BlackJack with Monte Carlo

ECE5760 Final Project
A Project By Ming He (hh759), Nikhil Pillai (ns594), Joash Shankar (jcs556)


Demonstration Video


Introduction

This Blackjack with Monte Carlo project seamlessly combines the excitement of a classic card game with the analytical power of Monte Carlo simulations for a more enriching user experience. In this project, players are immersed in Blackjack while receiving real-time probabilistic insights generated by millions of simulations. The game is displayed on a 640x480 VGA screen connected to an FPGA, where each visual element is rendered to enhance interactivity and clarity. At its core, the project employs Monte Carlo methods to simulate millions of potential game outcomes, providing players with data-driven advice to inform their decisions. By mapping each card and player action to a set of probable results, the system calculates winning and tie probabilities, as well as the player’s most likely next card value, helping players make better decisions.


Rules

BlackJack is a card game against a dealer. At the start of a round, each player (in our case, 1-4 players) is dealt 2 cards. The dealer is also dealt two cards, but the dealer’s top card is hidden from the player(s) until they are each done with their turn(s). The goal of the game is to get the value of your hand of cards as close to 21 as possible, without crossing 21, and to be larger than the value of the dealer's hands. The value of each card is listed below:


If the player has less than 21, they can choose to “hit” and receive a random card from the deck. They can also choose to “stand” and keep the cards they have. If the player exceeds 21, they “bust” and automatically lose the round. If the player scores exactly 21 with their initial hand, they hit Blackjack. If the dealer does not also hit Blackjack initially, the player automatically wins. However, if the dealer does hit Blackjack with the initially dealt two cards, the game results in a tie between the player and the dealer. Otherwise, the player wins if they are closer to 21 and larger than the value of the dealer's hands, or the player wins if the player has a value that is less than 21 and the dealer busts.
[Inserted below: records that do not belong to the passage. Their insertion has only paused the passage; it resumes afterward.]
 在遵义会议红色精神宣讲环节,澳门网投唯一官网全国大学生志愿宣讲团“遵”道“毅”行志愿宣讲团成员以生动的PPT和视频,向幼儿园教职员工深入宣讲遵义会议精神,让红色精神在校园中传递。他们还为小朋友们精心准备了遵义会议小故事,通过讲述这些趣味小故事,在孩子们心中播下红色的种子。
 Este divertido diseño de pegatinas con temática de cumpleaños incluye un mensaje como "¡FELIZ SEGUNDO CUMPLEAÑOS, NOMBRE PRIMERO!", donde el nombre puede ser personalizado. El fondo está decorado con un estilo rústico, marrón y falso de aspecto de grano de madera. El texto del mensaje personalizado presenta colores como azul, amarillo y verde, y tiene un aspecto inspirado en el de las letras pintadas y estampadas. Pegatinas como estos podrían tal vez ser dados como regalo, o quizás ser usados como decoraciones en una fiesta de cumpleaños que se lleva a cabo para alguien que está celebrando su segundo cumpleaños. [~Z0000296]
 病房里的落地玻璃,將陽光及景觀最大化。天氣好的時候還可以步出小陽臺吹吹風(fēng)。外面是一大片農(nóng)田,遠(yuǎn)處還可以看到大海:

In this project, each player starts with $1000 where each player can place a minimum bet of $3 and a maximum bet of $1000.


Project Objective:

This project aimed to design and implement Monte Carlo algorithms to simulate the game of Blackjack on a DE1-SoC board. This version offers users a general understanding of win, tie, and loss probabilities based on the initial hands and dealer's hands. Additionally, it includes a card counting feature that predicts the next potential card and its probability. In total, it provides five cards with ascending probabilities, assisting players in making better decisions on whether to hit or stand.

Home screen

Home Screen


High-level Design

Random Number Generation

An important component of the blackjack game is the random number generation for selecting cards. Random number generation on the HPS occurs through a simple rand() call; however, the random number generation for each simulation in Verilog must occur through a custom-built random number generator.
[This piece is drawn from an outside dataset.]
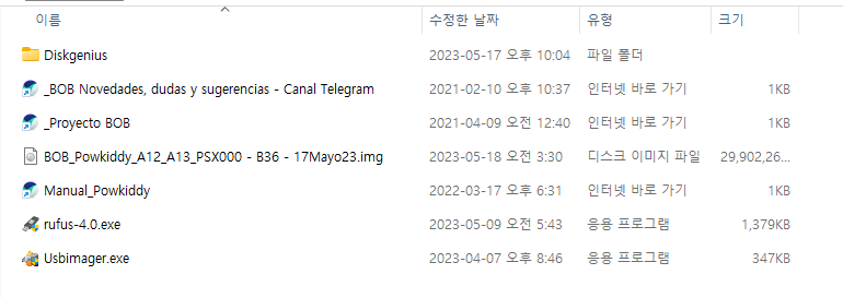 그리고 압축을 풀면 아래처럼 나오며 rufus 프로그램을 이용하여 img 파일을 sd카드에 밀어 넣으면 된다

The first approach taken under this premise was the implementation of an LFSR (Linear Feedback Shift Register). The LFSR periodically generates random values of a specified bit width based on tap placement. Built off of the same principle as a standard shift register, the LFSR shifts all bits by one and replaces the first bit based on tap logic. The tap logic for an LFSR varies for different bit widths based on pseudo-random polynomials. Different polynomial expressions exist for varying bit widths, which determine what bits will be tapped. All bits to be tapped are XOR’d with each other and assigned as the first bit. In this way, it is only the first bit in an LFSR that is truly random while the remaining are periodically predictable.
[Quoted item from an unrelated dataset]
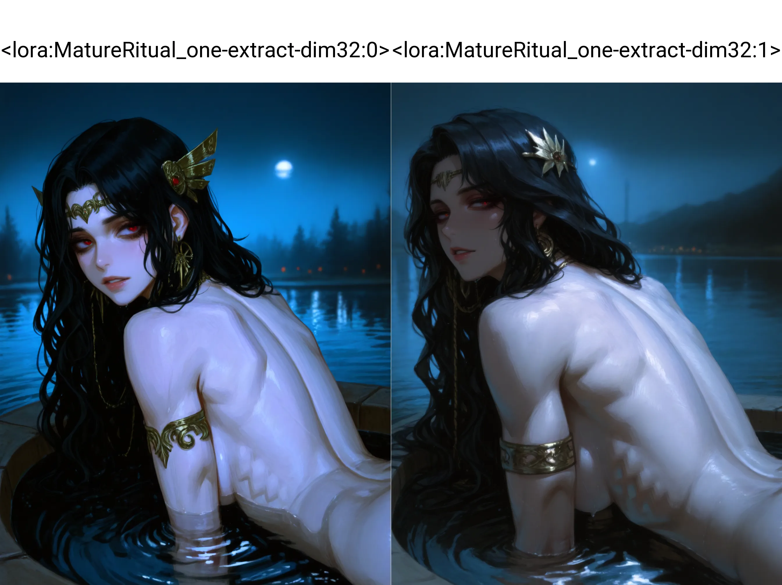 部分跨平台发布的图像可能使用了低于1.0权重的这些LoRA并进行混合。这通常是我的操作方式,也可视为预期的使用方法,但完全取决于你自己的偏好。使用说明应以最适合你工作流程的方式为准。无论如何,所有示例图像均以LyCORIS基础权重1.0、不混合其他LoRA的方式生成,以纯粹展示其自身效果,而非我或其他人的混合结果。

One of an LFSR's major properties is its periodicity. As such for a given seed, the sequences of values are wholly predictable. Changing the seed only changes the periodic progression's start point, indicating the lack of true randomness between consecutive or parallel simulations. However, this periodic nature guarantees that the same number never occurs consecutively.

To generate truly random numbers, the project utilizes multiple parallel LFSRs and concatenates their respective first bits. Since the first bits of each LFSR are the only bits that are truly random, a concatenation of all these bits guarantees a truly random number for different seeds. Consecutive random numbers do not explicitly follow the same random number sequence, introducing greater variation in the values generated. However, a drawback of this approach was the potential generation of two consecutive numbers that may be equivalent. This approach's trade-off was greater randomness in the sacrifice of true uniqueness. The project favored greater randomization since guaranteeing true uniqueness simply involved instituting another module that tracks if the value was already generated, and in situations, where values were already generated, the output random generator would simply be invoked again.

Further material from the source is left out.